Advice for AI-Native Founders
For founders, do not optimize your economics right now. AI product margins are not like traditional SaaS margins of 80-90%. You might have zero or negative margins for months while you seek usage and traction. Optimize for usage first; give your users as many credits as possible to see what they do. You can optimize the models and costs later.
If you have an existing company, innovate with a small, compact team. We pulled three engineers and a designer into a private room for six months, isolated from the rest of the company. This protected them from the distractions of the support, documentation, and sales teams. We have zero support tickets for Fimo because we did not over-engineer the support process before launching.

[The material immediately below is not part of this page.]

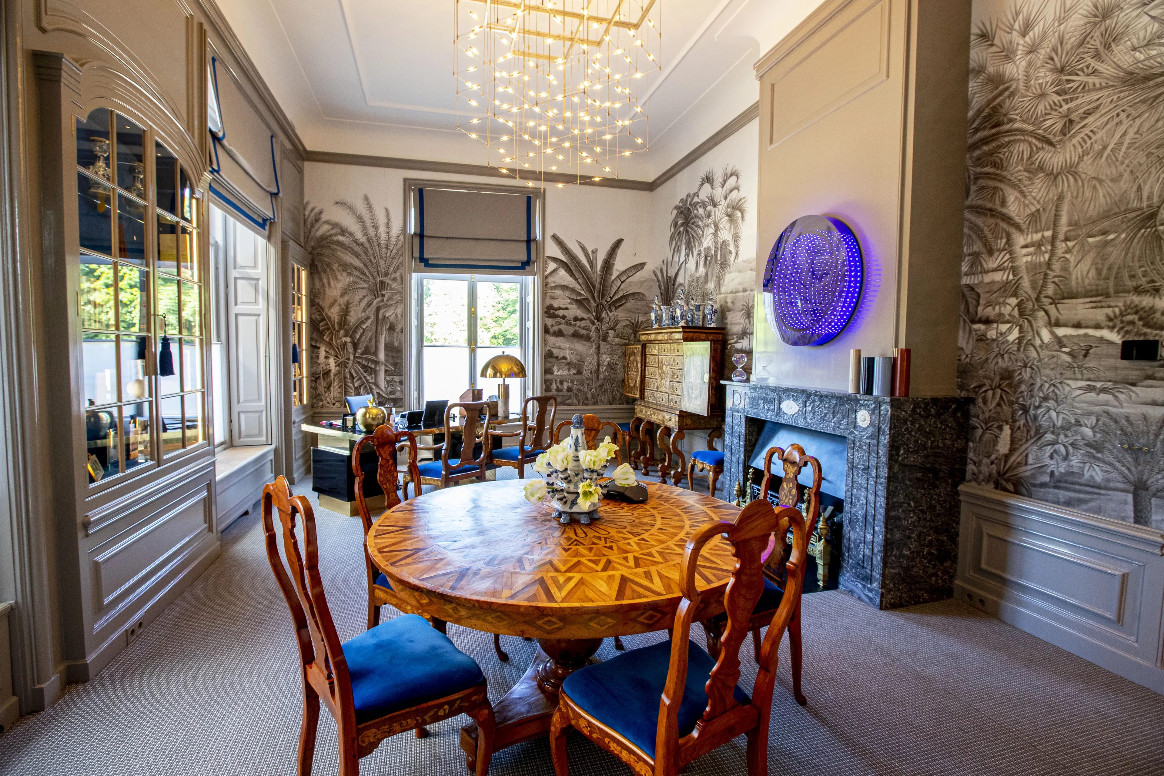 Naast de DNA Salon is de werkkamer van koning Willem-Alexander. Vanuit deze kamer hield de koning tijdens de coronalockdowns veel videogesprekken.

For PMs in non-AI-native companies, your fight is to talk to leadership about the market window. You have to ask if you have enough time to change your current "cargo ship" or if you need to start a side project from scratch. In the US, 80% of companies are making this move, but in Europe, we are more conservative. We need to see the risk differently.
I believe the web will be completely different in five years. It will be full of agentic content, and we might not know what is real. This will create trust issues, but it might also push us toward more real-life experiences and creativity. I want Fimo to be known for creating this new generation of autonomous websites, moving beyond the static and dynamic webs of the past.